My treating professor initiated an invitation for me to a special clinic, where I underwent an MRI in autumn 2017. They scanned my heart, liver, pancreas and my bone marrow. The results were devastating. My view on iron overload broke with the medical report. I still have not fully recovered from what I was told. I would be very lucky, the radiologist said, that my heart was still free of iron. But my liver and my pancreas show a five-fold iron overload, also my bone marrow is full of iron. Another obstacle for haematopoiesis in addition to my blood disorder. Where do we go from here? Heading diabetis, liver cirrhosis or even hepatic cancer? My heart is iron-free, yes, but the pancreas is strongly loaded. No reason for long-lasting joy as the pancreas takes up similar iron species as the heart, only earlier. Iron overload of the pancreas serves as an early and robust marker of prospective cardiac risk.
It is neither an option for me to increase the dosage of the iron chelator – this could be toxic for my kidneys for instance - nor to reduce the number of transfusions – this would destroy my qualitiy of life and would send me into severe aemia. I’m stuck.
As so often in the course of my disease there is a diagnosis without any therapeutic consequences. That’s frustrating.
On the medical report I more recently can read „severe hemosiderosis of the pancreas and the liver“ amongst my other serious health problems. However, my liver values (GPT, GOT) are not yet elevated. Not yet?
I am anxious and confused: that's the patient's perspective.
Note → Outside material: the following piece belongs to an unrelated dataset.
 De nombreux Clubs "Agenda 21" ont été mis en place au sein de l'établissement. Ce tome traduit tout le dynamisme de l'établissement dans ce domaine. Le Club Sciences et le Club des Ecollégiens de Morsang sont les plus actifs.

Only now I am finding out that for any one patient, the predictive value of ferritin is quite poor. Two patients with identical total body iron burdens can have vastly different serum ferritin levels. Many factors affect the relationship between iron overload and serum ferritin levels. But still the ferritin level g e n e r a l l y correlates with both, total body iron stores and clinical outcomes. Serum ferritin therefore remains the most commonly used metric to monitor iron chelation therapy. Mainly because its measurements are inexpensive in comparison to MRI. However, the biology of circulating ferritin is poorly characterized and hardly comprehensible for non-physicians and non-scientists.
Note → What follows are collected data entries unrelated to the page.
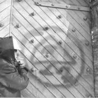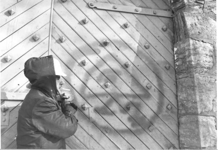 Gary Landry having a cigarette by the gate of the Lincoln County Jail - 1972
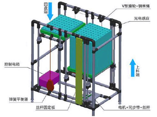 一、吸塑盤(pán)定點(diǎn)拿取回收升降機(jī)
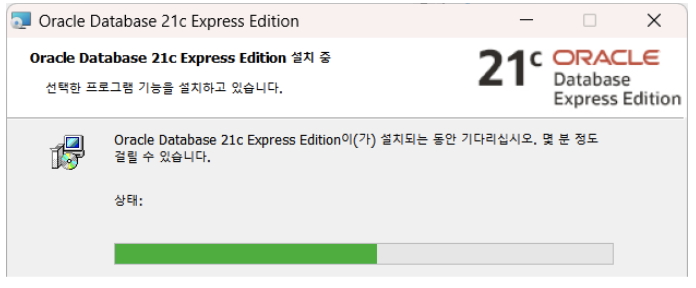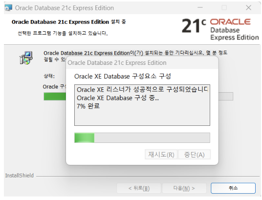 오라클 XE가 설치 홈 디렉토리를 확인한 후 설치 버튼을 클릭한다.
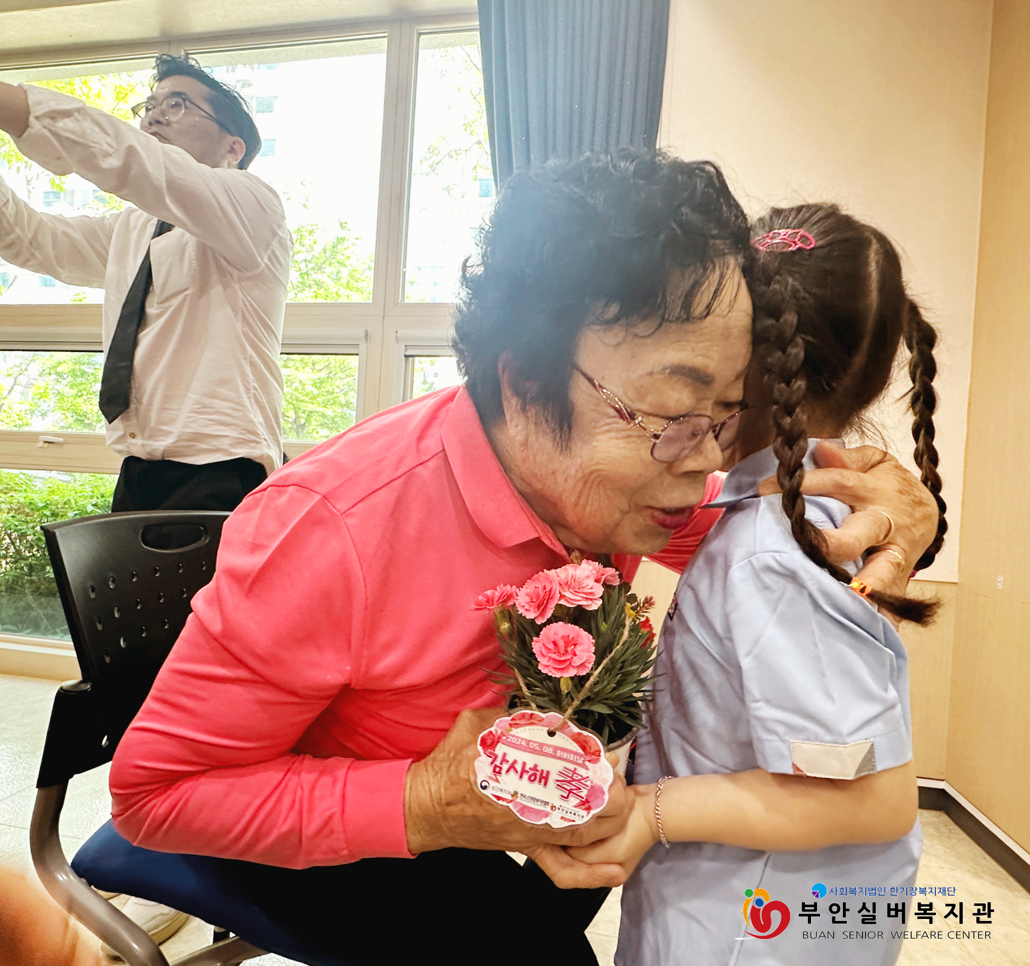 부안실버복지관은 어버이날을 맞아 복지관 이용 어르신들에게 감사의 마음을 전하는 ‘감사해孝’ 행사를 진행했습니다. 기념행사에는 알파벳어린이집 어린이들이 함께해 훈훈한 시간이 되었는데요, 어린이들은 축하공연으로 국악 동요를 불러 어르신들의 큰 박수를 받았습니다. 공연을 마치고 난 후에는 어르신들에게 일일이 카네이션 꽃을 드리며 감사하는 마음을 전했습니다. 꽃을 전해 받은 어르신들은 아이들과 눈을 맞추며 '예쁘다, 귀엽다, 고맙다'는 말을 아끼지 않으셨습니다.
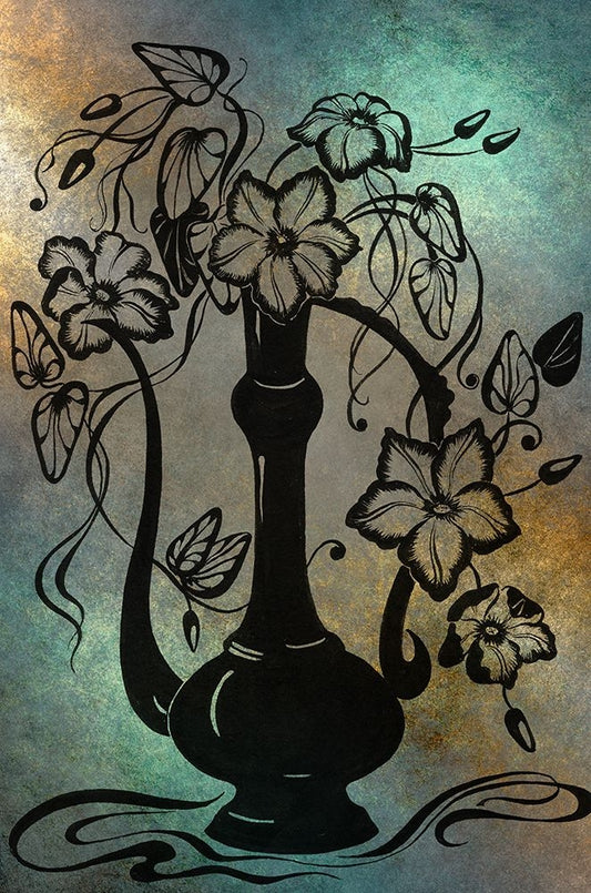 Ink Drawing Clematises in Indian Pitcher White Modern Wood Framed Art Print with Double Matting by Jenny Rainbow Fine Art
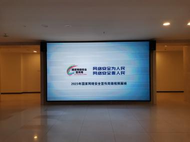 在国家网络安全宣传周期间,档案管理中心一楼LED大屏循环播放相关的宣传材料,积极营造网络安全文化氛围,强化网络安全意识。
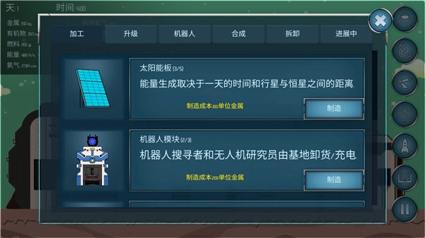 我的顺序是先造两个机器人模块,接着造三个太阳能板,两个机器人制造(灰色的机器人)升到两级(如果能量跟不上就先不要升级),太阳能板全部升到两级(金属应该用完了)。
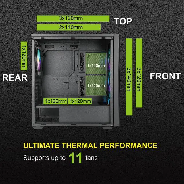 Multifaceted Airflow Support: Direct airflow to the GPU can be achieved by adding 2 x 120 mm fans above the PSU shroud, bringing the total fan support up to 11 x 120 mm fans ^^
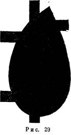 На этот раз по сравнению с предыдущим еще большая часть фигуры недоступна исследованию. Весьма сомнительно, можно ли вообще получить какие-то сведения о данной фигуре из исследования ее видимых участков. Мы имеем возможность, как и раньше, испробовать множество различных гипотетических сочетаний основного Т-образного элемента. Поскольку в нашем распоряжении имеется большое количество предполагаемых сочетаний, на первый взгляд полностью совпадающих с рисунком, мы не в состоянии сказать определенно, какое из этих сочетаний следует использовать. Поэтому мы еще и еще раз вынуждены обращаться к скрытой под пятном фигуре и внимательно ее изучать. В результате мы убеждаемся, что для фигуры, изображенной на рис, 29, сочетание Т-образных элементов, по-видимому, неприменимо.
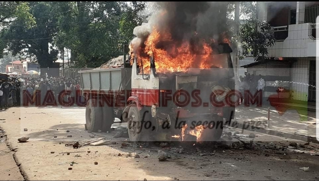 Il est 8 heures 40 minutes, juste quelques instants après l’accident mortel. Nous voici arrivé sur les lieux du drame. Le camion qui aurait écrasé le conducteur de taxi-moto est encore immobilisé. L’engin commence à être saccagé quelques minutes plus tard par une foule de conducteurs de taxi-moto. La tension monte et les collègues du défunt tiennent à incendié le gros porteur. « On doit brûler ce véhicule. Nos vies ne représentent rien devant leurs yeux. Ils ont qu’a allé à la contournante pour y circuler librement mais pas ici au centre-ville » nous dit un manifestant sous le coup de la colère.
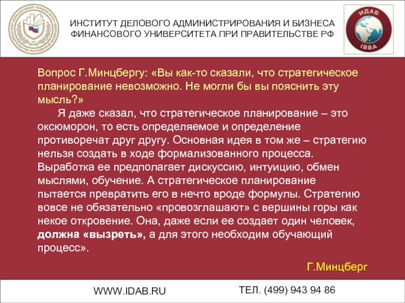 Вопрос Г.Минцбергу: «Вы как-то сказали, что стратегическое планирование невозможно. Не могли бы вы пояснить эту мысль?»

Iron homeostasis relies on a regulated network of systemic and cellular mechanisms for the acquisition, transportation and cellular utilization of the metal. I very well understand that these metabolisms are completely disturbed in case of strong iron overload.
AT THE END OF MY ARTICLE I WANT TO MAKE CLEAR ONE THING:
the outcomes of chelation therapy in Myelodysplastic Syndromes are not bad. There is a positive impact on survival, without doubt. I probably would not be alive any more without Defirasirox. There are retrospective studies clearly indicating a significant improved survival in patients who received regular iron chelation. Transplant outcomes are also far better after iron chelation therapy. And in case there is a cure, high iron stores can be drained or at least reduced by a most effective phlebotomy therapy.
So yes, there are definitely some solutions for iron overload, if you are in the right cohort.
But we urgently need more innovative iron chelation therapies.